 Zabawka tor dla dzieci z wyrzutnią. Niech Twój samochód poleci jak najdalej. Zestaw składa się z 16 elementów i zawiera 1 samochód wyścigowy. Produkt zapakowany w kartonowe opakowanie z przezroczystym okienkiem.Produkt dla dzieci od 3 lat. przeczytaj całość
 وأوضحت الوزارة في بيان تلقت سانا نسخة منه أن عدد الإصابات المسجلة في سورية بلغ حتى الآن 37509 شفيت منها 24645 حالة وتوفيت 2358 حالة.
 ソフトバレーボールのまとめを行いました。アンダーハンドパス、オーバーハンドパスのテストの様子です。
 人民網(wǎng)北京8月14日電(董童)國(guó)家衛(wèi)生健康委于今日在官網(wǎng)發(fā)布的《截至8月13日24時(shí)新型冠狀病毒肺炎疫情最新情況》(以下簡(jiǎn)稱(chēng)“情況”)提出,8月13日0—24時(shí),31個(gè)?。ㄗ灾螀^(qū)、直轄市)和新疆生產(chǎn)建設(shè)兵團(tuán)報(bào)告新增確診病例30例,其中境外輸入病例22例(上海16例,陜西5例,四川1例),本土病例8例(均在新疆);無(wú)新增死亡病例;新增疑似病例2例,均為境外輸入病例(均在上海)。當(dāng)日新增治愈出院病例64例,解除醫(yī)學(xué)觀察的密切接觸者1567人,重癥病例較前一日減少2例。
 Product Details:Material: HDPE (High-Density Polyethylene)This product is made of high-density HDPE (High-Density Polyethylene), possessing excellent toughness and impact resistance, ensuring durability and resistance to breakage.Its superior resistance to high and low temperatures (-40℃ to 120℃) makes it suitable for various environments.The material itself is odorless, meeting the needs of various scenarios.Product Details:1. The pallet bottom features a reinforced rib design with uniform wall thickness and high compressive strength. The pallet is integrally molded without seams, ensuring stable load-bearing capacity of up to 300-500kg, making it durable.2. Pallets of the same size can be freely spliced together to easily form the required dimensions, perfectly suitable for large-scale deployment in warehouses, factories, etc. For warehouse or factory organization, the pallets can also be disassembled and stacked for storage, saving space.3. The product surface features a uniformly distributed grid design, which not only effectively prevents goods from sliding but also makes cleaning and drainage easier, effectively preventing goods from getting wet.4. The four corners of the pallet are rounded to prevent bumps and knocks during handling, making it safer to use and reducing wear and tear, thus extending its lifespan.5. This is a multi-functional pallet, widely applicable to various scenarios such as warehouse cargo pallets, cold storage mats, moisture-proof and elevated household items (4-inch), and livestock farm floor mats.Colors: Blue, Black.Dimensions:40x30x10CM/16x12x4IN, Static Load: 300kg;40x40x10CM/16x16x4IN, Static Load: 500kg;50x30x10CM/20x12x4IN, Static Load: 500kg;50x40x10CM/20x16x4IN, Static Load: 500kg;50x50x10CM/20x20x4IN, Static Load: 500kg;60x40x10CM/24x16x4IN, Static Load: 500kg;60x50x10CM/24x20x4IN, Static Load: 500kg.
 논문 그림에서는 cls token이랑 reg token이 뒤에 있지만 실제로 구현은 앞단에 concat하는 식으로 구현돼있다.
###
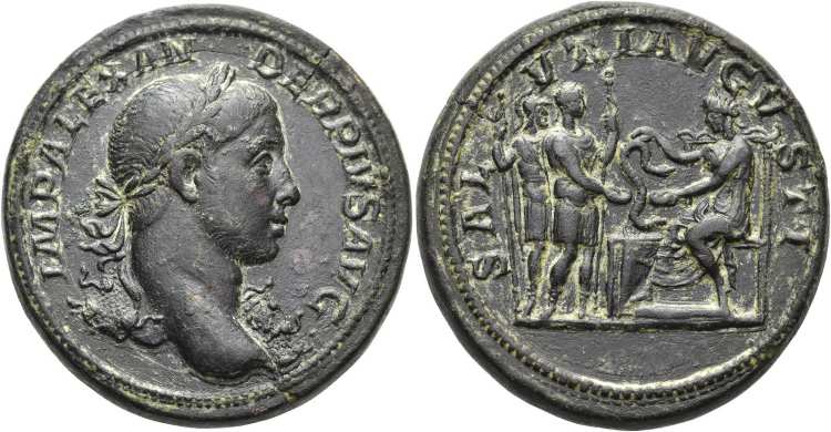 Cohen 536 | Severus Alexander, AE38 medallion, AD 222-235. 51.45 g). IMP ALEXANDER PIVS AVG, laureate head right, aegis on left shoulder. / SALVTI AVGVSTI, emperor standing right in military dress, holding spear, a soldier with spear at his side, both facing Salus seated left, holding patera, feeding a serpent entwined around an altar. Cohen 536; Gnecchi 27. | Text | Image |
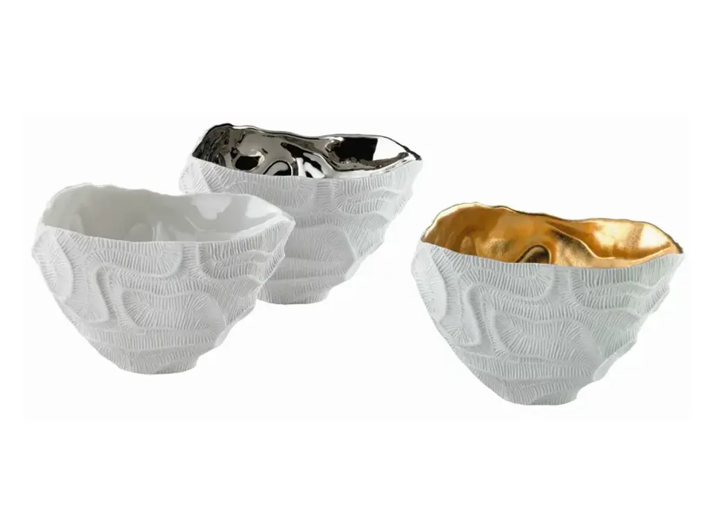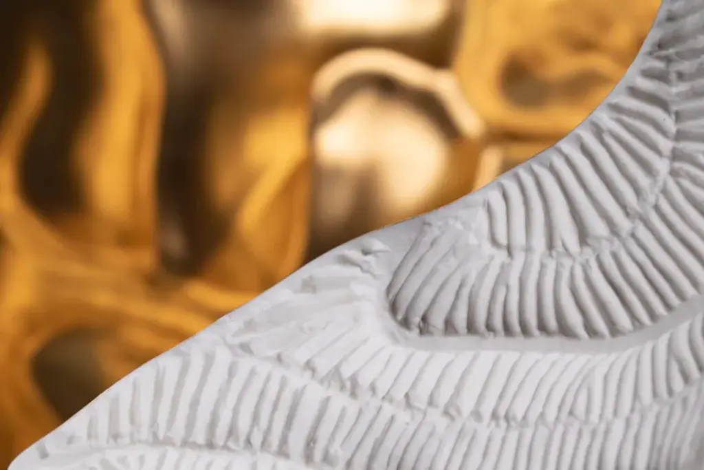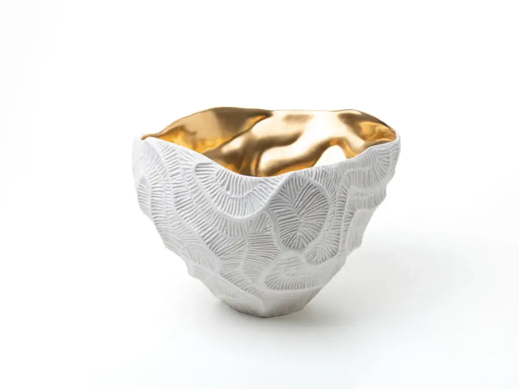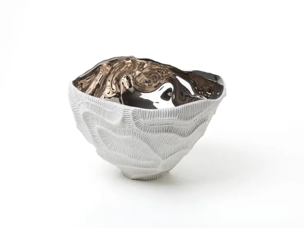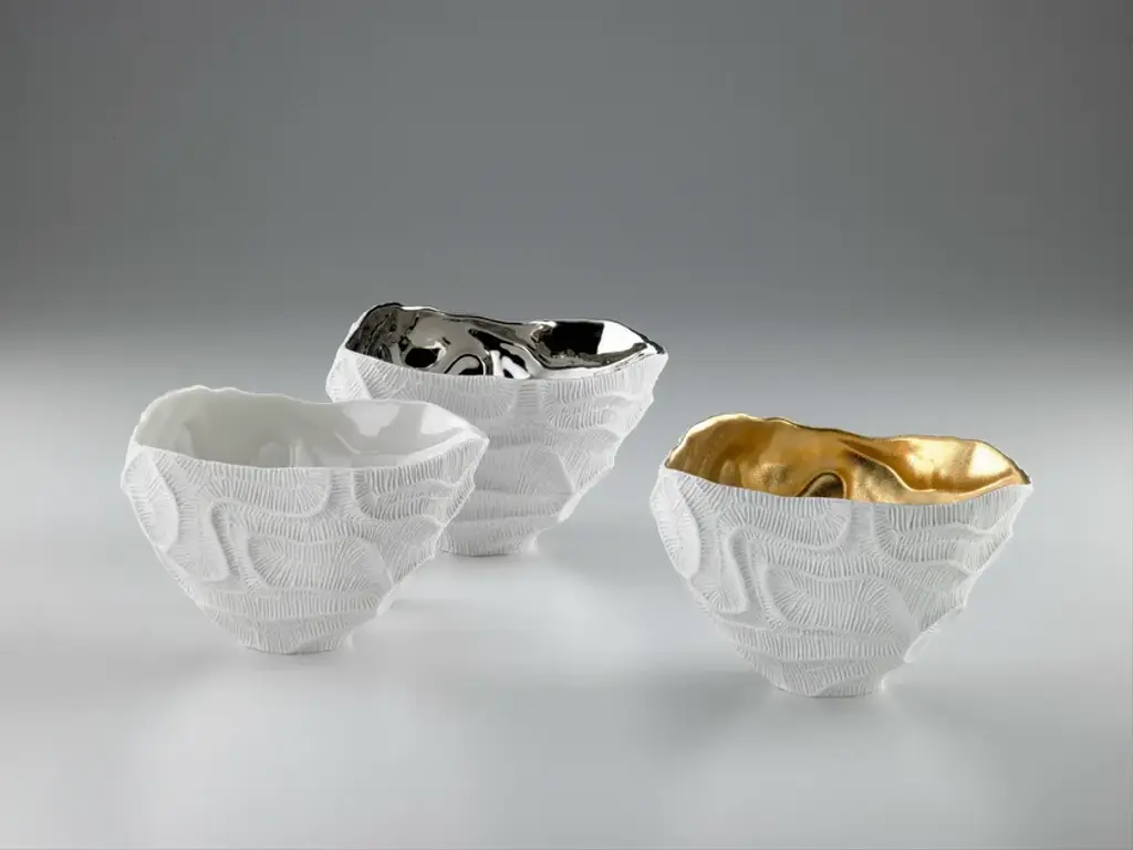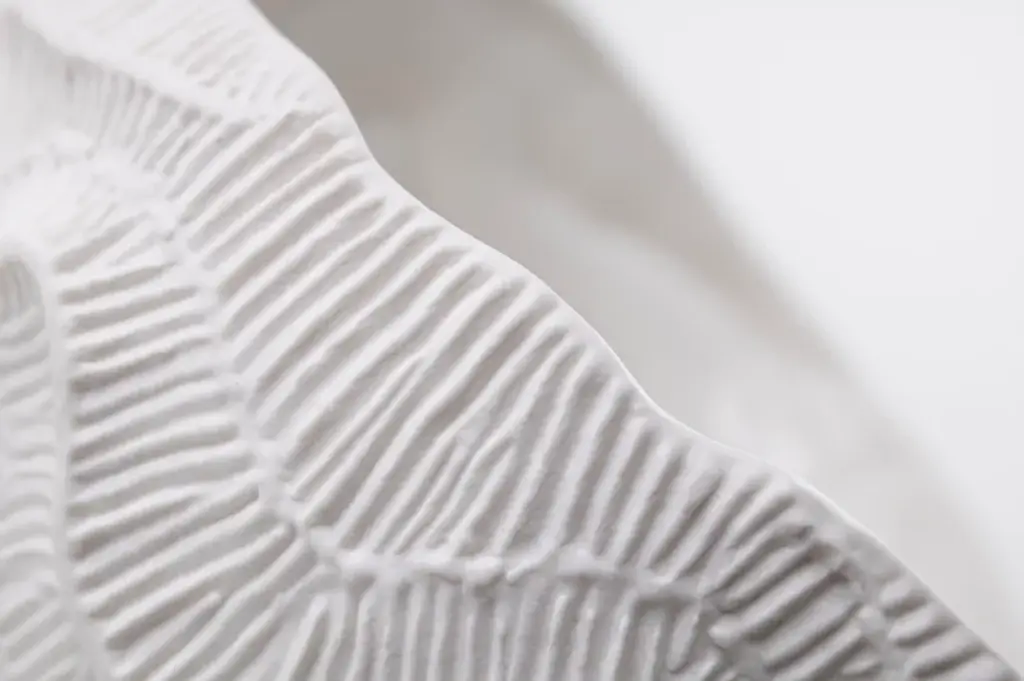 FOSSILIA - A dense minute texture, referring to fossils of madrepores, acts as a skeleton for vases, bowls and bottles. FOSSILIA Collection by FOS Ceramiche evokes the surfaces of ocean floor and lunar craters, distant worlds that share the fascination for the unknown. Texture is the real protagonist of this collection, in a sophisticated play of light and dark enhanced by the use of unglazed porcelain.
###
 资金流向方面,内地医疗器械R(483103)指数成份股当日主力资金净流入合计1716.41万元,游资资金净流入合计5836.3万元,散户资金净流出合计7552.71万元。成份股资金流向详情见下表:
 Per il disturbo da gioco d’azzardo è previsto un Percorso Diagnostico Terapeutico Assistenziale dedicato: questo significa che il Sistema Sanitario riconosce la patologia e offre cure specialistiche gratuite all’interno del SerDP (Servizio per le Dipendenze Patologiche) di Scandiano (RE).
###
WHAT YOU HAVE TO DO =>
Retype word for word everything in the listing above from the line that holds "ソフトバレーボールのまとめを" down to the line that holds "논문 그림에서는 cls". Keep both end lines and leave out the rest.

EXPECTED OUTPUT =>
 ソフトバレーボールのまとめを行いました。アンダーハンドパス、オーバーハンドパスのテストの様子です。
 人民網(wǎng)北京8月14日電(董童)國(guó)家衛(wèi)生健康委于今日在官網(wǎng)發(fā)布的《截至8月13日24時(shí)新型冠狀病毒肺炎疫情最新情況》(以下簡(jiǎn)稱(chēng)“情況”)提出,8月13日0—24時(shí),31個(gè)?。ㄗ灾螀^(qū)、直轄市)和新疆生產(chǎn)建設(shè)兵團(tuán)報(bào)告新增確診病例30例,其中境外輸入病例22例(上海16例,陜西5例,四川1例),本土病例8例(均在新疆);無(wú)新增死亡病例;新增疑似病例2例,均為境外輸入病例(均在上海)。當(dāng)日新增治愈出院病例64例,解除醫(yī)學(xué)觀察的密切接觸者1567人,重癥病例較前一日減少2例。
 Product Details:Material: HDPE (High-Density Polyethylene)This product is made of high-density HDPE (High-Density Polyethylene), possessing excellent toughness and impact resistance, ensuring durability and resistance to breakage.Its superior resistance to high and low temperatures (-40℃ to 120℃) makes it suitable for various environments.The material itself is odorless, meeting the needs of various scenarios.Product Details:1. The pallet bottom features a reinforced rib design with uniform wall thickness and high compressive strength. The pallet is integrally molded without seams, ensuring stable load-bearing capacity of up to 300-500kg, making it durable.2. Pallets of the same size can be freely spliced together to easily form the required dimensions, perfectly suitable for large-scale deployment in warehouses, factories, etc. For warehouse or factory organization, the pallets can also be disassembled and stacked for storage, saving space.3. The product surface features a uniformly distributed grid design, which not only effectively prevents goods from sliding but also makes cleaning and drainage easier, effectively preventing goods from getting wet.4. The four corners of the pallet are rounded to prevent bumps and knocks during handling, making it safer to use and reducing wear and tear, thus extending its lifespan.5. This is a multi-functional pallet, widely applicable to various scenarios such as warehouse cargo pallets, cold storage mats, moisture-proof and elevated household items (4-inch), and livestock farm floor mats.Colors: Blue, Black.Dimensions:40x30x10CM/16x12x4IN, Static Load: 300kg;40x40x10CM/16x16x4IN, Static Load: 500kg;50x30x10CM/20x12x4IN, Static Load: 500kg;50x40x10CM/20x16x4IN, Static Load: 500kg;50x50x10CM/20x20x4IN, Static Load: 500kg;60x40x10CM/24x16x4IN, Static Load: 500kg;60x50x10CM/24x20x4IN, Static Load: 500kg.
 논문 그림에서는 cls token이랑 reg token이 뒤에 있지만 실제로 구현은 앞단에 concat하는 식으로 구현돼있다.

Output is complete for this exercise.